### EXERCISE DIRECTIONS:
Once the pictures are set aside, repeat all of the data below exactly.

### SUPPLIED MATERIAL:
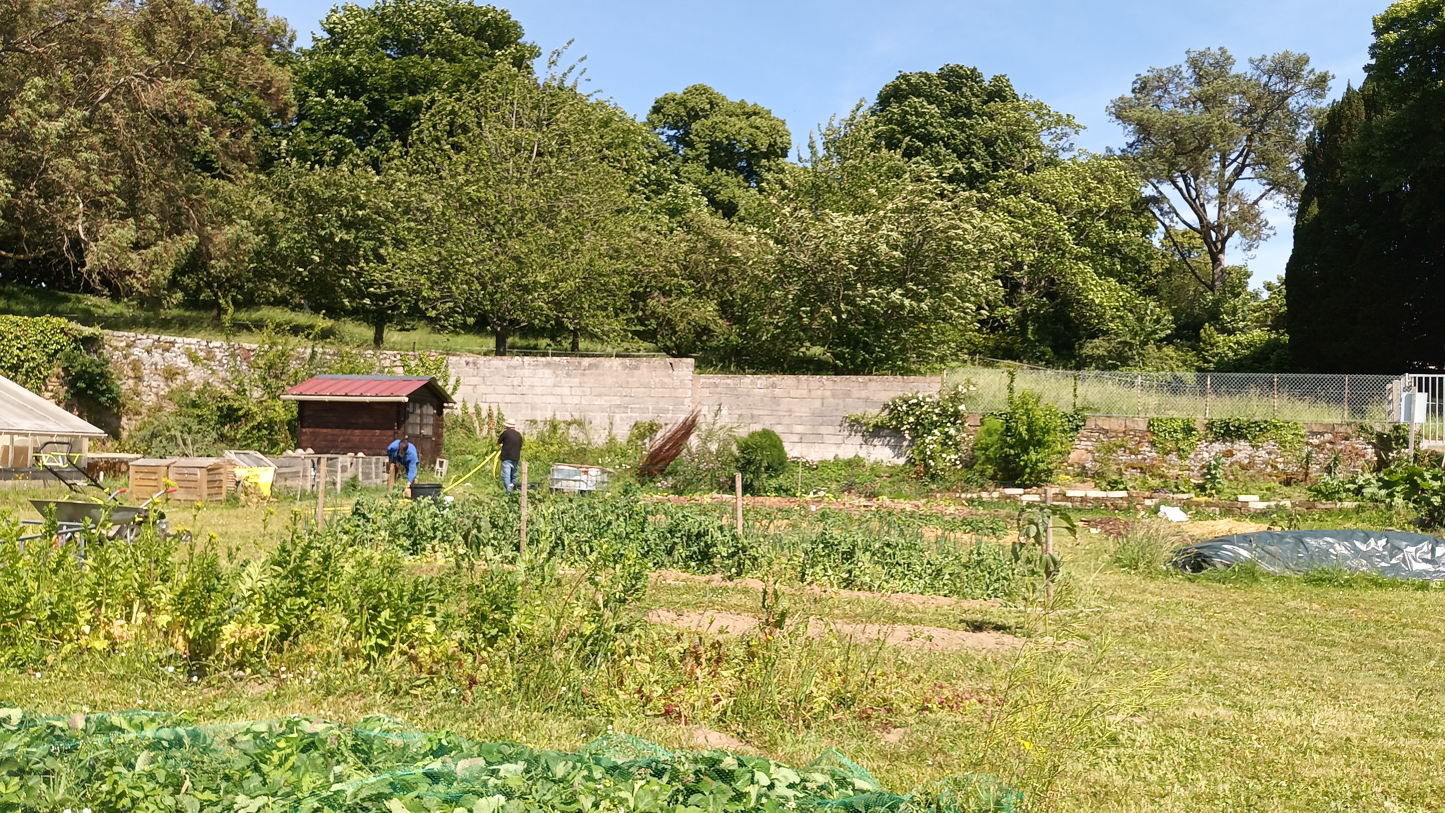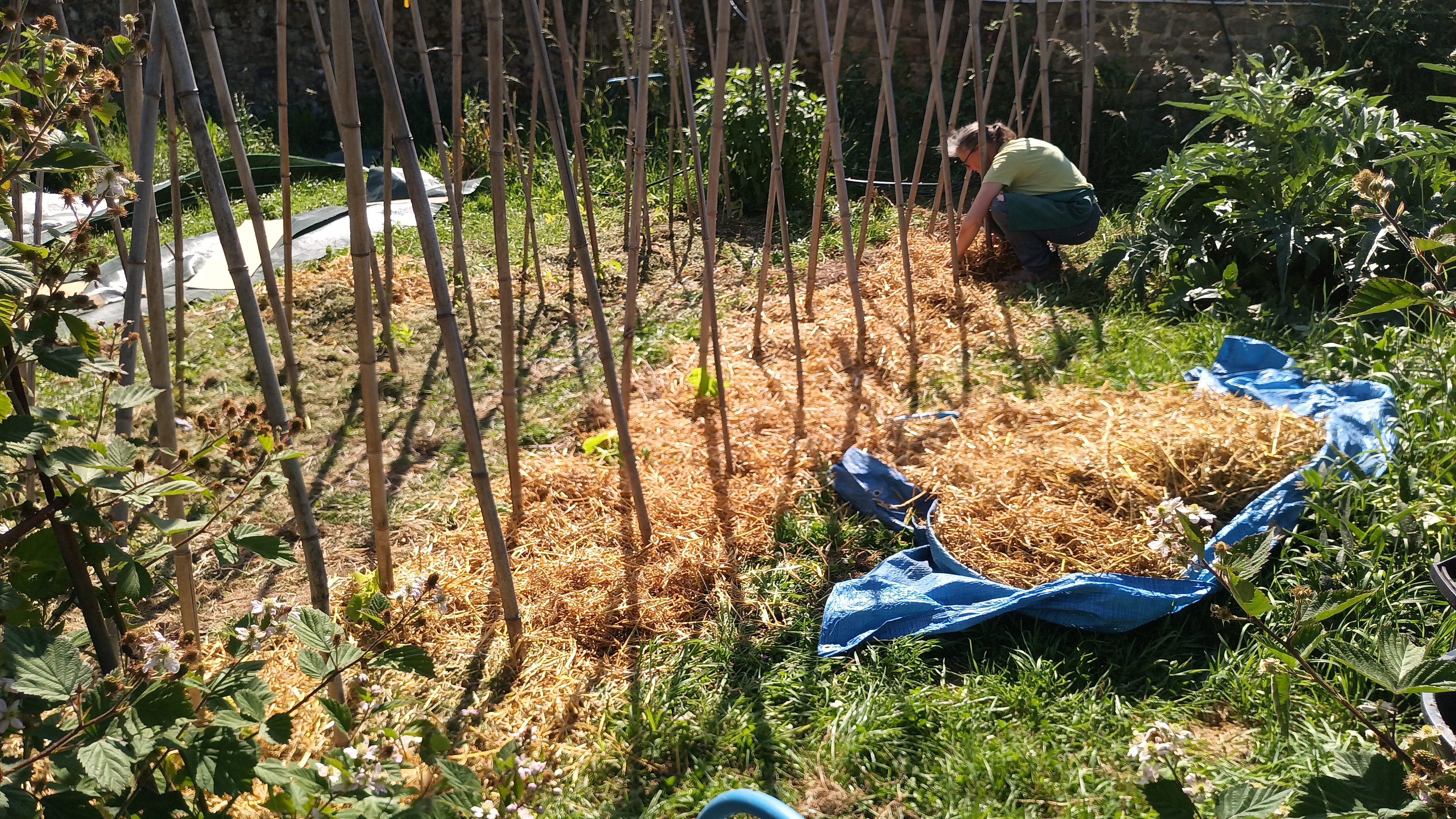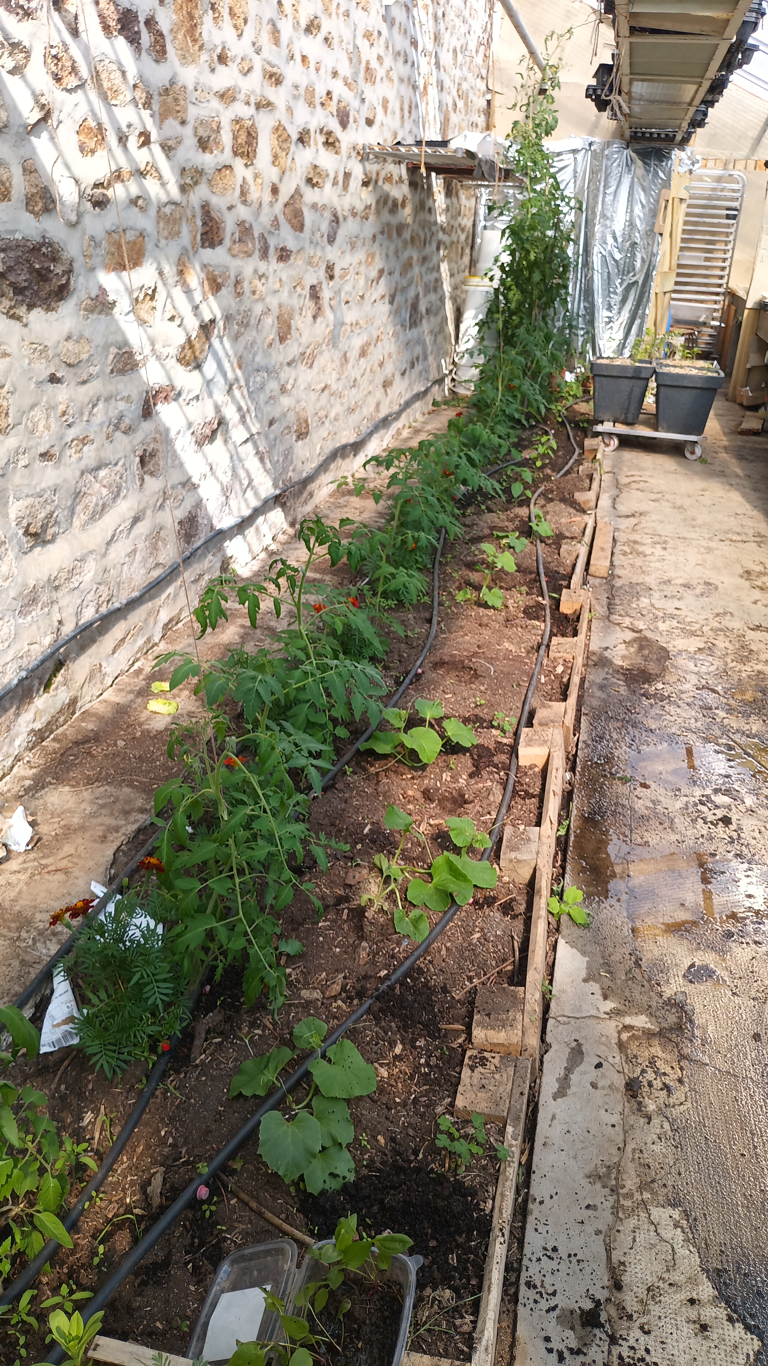 Nous avons eu du repiquage massif de tomates sur les parcelles extérieures, installation d'un treillage pour les concombres, mise en place d'un systeme d'arrosage automatisé pour les tomates à 'lintérieur de la serre, une couverture avec de la tonte et du broyage de paille.
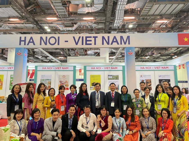 Phó Giám đốc Sở Công Thương Hà Nội Nguyễn Kiều Oanh (thứ bảy bên trái) cùng đoàn doanh nghiệp Hà Nội tại Hội chợ triển lãm FLAsia 2023
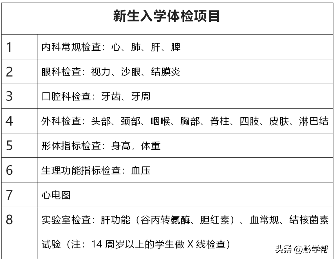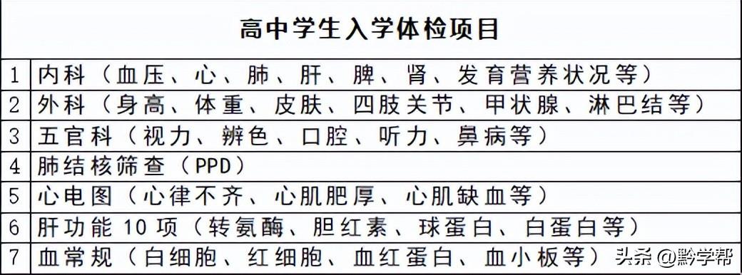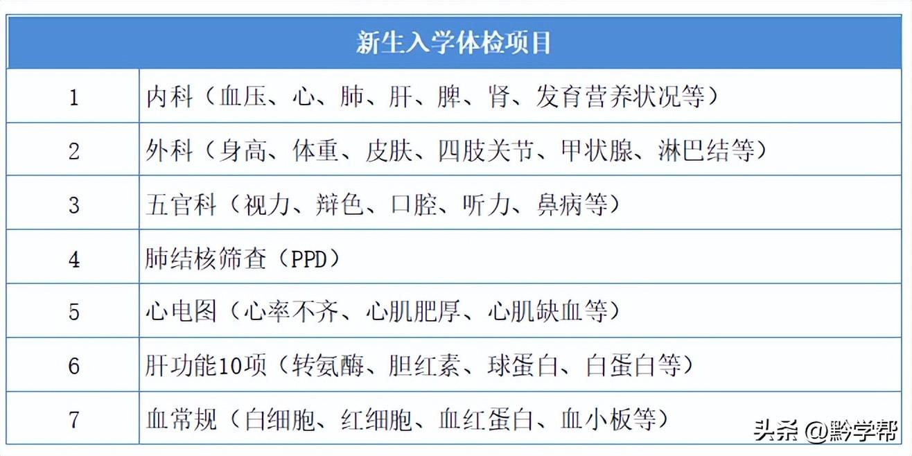 在入學報到前須按照貴州省衛(wèi)生部門的要求自行前往縣級以上的醫(yī)院進行入學前的身體體檢,體檢項目為:

### TASK OUTPUT:
 Nous avons eu du repiquage massif de tomates sur les parcelles extérieures, installation d'un treillage pour les concombres, mise en place d'un systeme d'arrosage automatisé pour les tomates à 'lintérieur de la serre, une couverture avec de la tonte et du broyage de paille.
 Phó Giám đốc Sở Công Thương Hà Nội Nguyễn Kiều Oanh (thứ bảy bên trái) cùng đoàn doanh nghiệp Hà Nội tại Hội chợ triển lãm FLAsia 2023
 在入學報到前須按照貴州省衛(wèi)生部門的要求自行前往縣級以上的醫(yī)院進行入學前的身體體檢,體檢項目為:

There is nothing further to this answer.